Para una kombucha con un sabor limpio y un SCOBY saludable, el tipo de agua es fundamental. En España, especialmente en la zona del Levante y la Costa Blanca, el agua suele ser muy dura (con mucha cal) y contiene altos niveles de cloro.
- Cloro y Cloramina: Estos químicos dañan el SCOBY. Si usas agua del grifo, hiérvela durante 10 minutos o déjala reposar 24 horas para que el cloro se evapore.
- Dureza del agua: El exceso de minerales puede interferir con el sabor del té. Para obtener los mejores resultados, recomendamos usar agua filtrada o agua mineral de mineralización débil.
- Evita el agua destilada: El SCOBY necesita una pequeña cantidad de minerales para mantenerse fuerte; el agua totalmente destilada puede debilitar el cultivo a largo plazo.
Primera Fermentación
- Vierte la mezcla de té ya enfriada en tu frasco de fermentación.
- Añade el SCOBY de kombucha y el líquido inicial de kombucha (100–500 ml según el volumen de tu lote).
- No agregues el SCOBY a té caliente.
- Cubre el frasco con tela muselina, filtro de café o similar. Evita tapas herméticas.
- Deja fermentar a temperatura ambiente (20–26°C) durante 7–14 días, evitando la luz directa del sol.
- Verás cómo se forma un nuevo SCOBY en la superficie en aproximadamente 7 días.
- Prueba el kombucha para ajustar el sabor. Fermentaciones más largas producen sabor más ácido; fermentaciones más cortas mantienen dulzor.

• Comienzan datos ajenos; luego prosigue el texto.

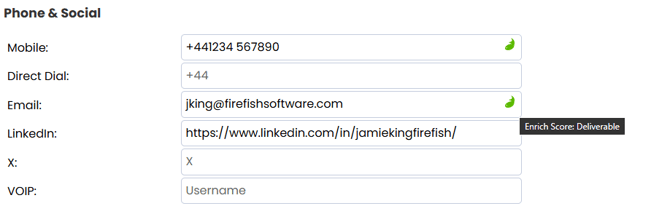 Firefish Enrich may find a deliverable or high probability email but not find a verified phone number. Check the phone confidence fish icons for Mobile and Direct Dial.

Fermentación en Verano: Consejos para la Costa Blanca

Si elaboras kombucha en zonas cálidas como Alicante o el sur de España, notarás que el proceso se acelera drásticamente durante los meses de julio y agosto.
-
Atención al ciclo: Mientras que en climas fríos la fermentación tarda 10-14 días, en el verano mediterráneo tu kombucha puede estar lista en tan solo 5 o 6 días.
-
Evita el moho: El calor excesivo (>30°C) combinado con falta de ventilación puede favorecer el moho. Asegúrate de que el frasco esté en un lugar con flujo de aire y nunca bajo la luz directa del sol.
-
El equilibrio del sabor: Prueba tu kombucha a partir del quinto día. Si la dejas demasiado tiempo con calor extremo, se convertirá rápidamente en vinagre.
-
Refrigeración rápida: Una vez que el sabor sea de tu agrado, embotella y mete en la nevera inmediatamente para detener la actividad de las levaduras.
Embotellado de la Kombucha

- Retira el SCOBY (ahora tendrás dos: el original y uno nuevo).
- Vierte el kombucha en botellas limpias. Recomendamos botellas tipo swing top para facilidad y seguridad.
- Deja 1/2″–1″ de espacio superior y cierra herméticamente.
- Opcional: filtra si deseas evitar restos de levadura flotante.
- Refrigera hasta su consumo.
Nota: La kombucha se conserva mejor hasta 7 días en el refrigerador. Después puede volverse demasiado ácida y convertir parte del líquido en vinagre, aunque sigue siendo útil como té inicial para nuevos lotes.